DOUALA: Four people were killed in clashes between security forces and supporters of a Cameroon opposition leader who claims to have won recent presidential elections, a regional governor said, ahead of official results announced Monday.
Issa Tchiroma, who challenged President Paul Biya's 43-year grip on power in the October 12 vote, had called on his supporters to march peacefully on the eve of the announcement, despite a ban on public gatherings.
Tchiroma says he won 54.8 percent of the vote, but most analysts expect the 92-year-old Biya to win an eighth term in a system his critics say has been increasingly rigged.
In Cameroon's largest city Douala, the regional governor said demonstrators "attacked" a gendarmerie brigade and police stations in two districts.
"Four people unfortunately lost their lives," said Samuel Dieudonne Ivaha Diboua, adding that several members of the security forces were also injured.
Earlier, police had fired teargas to disperse hundreds of people in Tchiroma's northern stronghold of Garoua, where activists carried Cameroonian flags and banners reading "Tchiroma 2025" and chanted "Goodbye Paul Biya, Tchiroma is coming".
For several days, dozens of supporters have gathered around the home of the opposition leader, who claimed in a video Sunday that military personnel had tried to take him away.

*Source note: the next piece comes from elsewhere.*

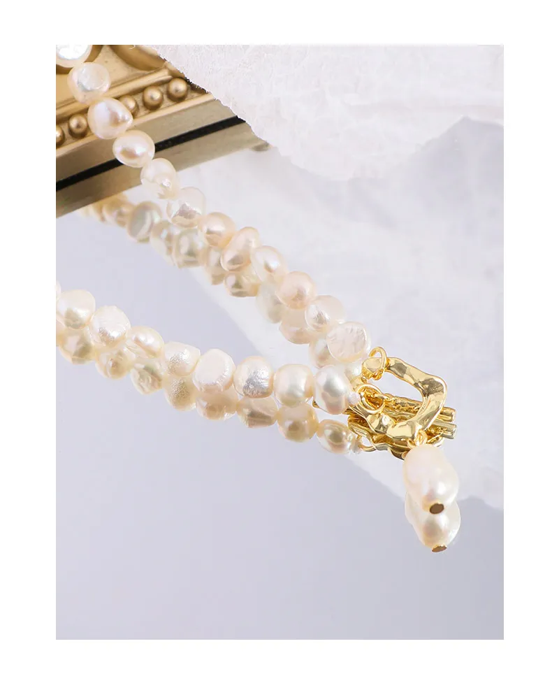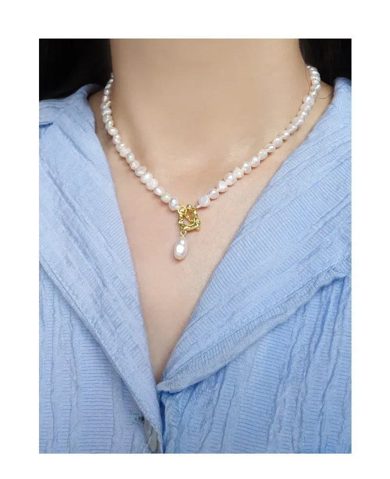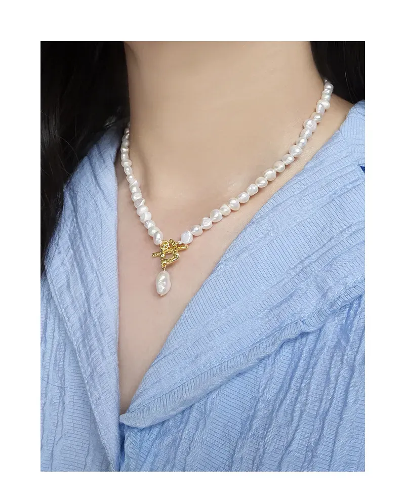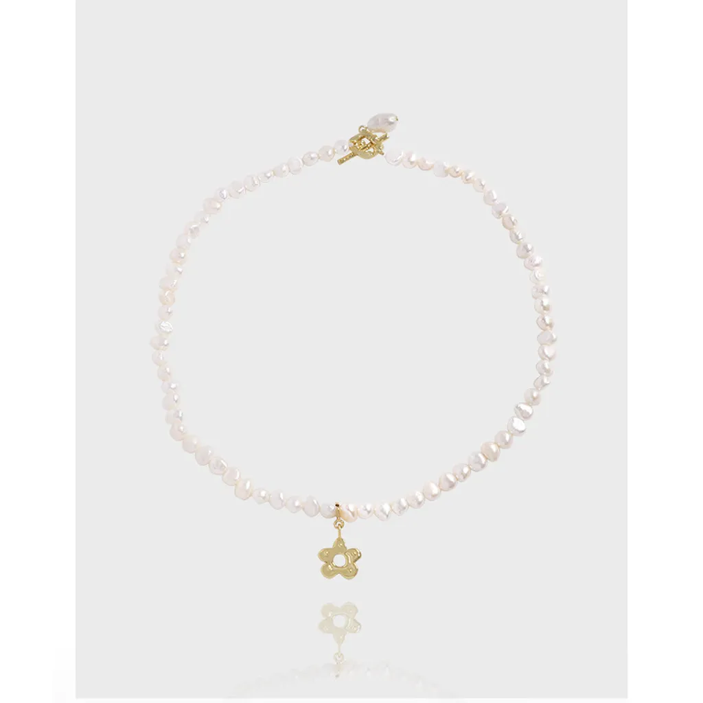 • Patterns & Textures: Features individually unique, irregularly shaped baroque pearls, offering a delightful variation in size and surface texture. The openwork flower charm provides a smooth, polished contrast, while a small, lustrous pearl adorns the toggle clasp, creating a harmonious blend of organic beauty.

In the capital Yaounde, the call to protest did not seem to have been followed amid a heavy police presence.
But in Douala, prior to the reported clashes, an AFP journalist observed several dozen people gathered near the airport, defying the ban on demonstrations ordered by the department's prefect.
Djeukam Tchameni, president of the Movement for Democracy and Interdependence in Cameroon (MDI), and Anicet Ekane, president of the African Movement for the New Independence of Cameroon (Manidem), were arrested at their homes in Douala on Friday, according to a coalition of parties that had nominated Tchiroma as the consensus opposition candidate.
Minister of Territorial Administration Paul Atanga Nji said on Saturday the protests "create the conditions for a security crisis" and contribute to "the implementation of an insurrectionist project".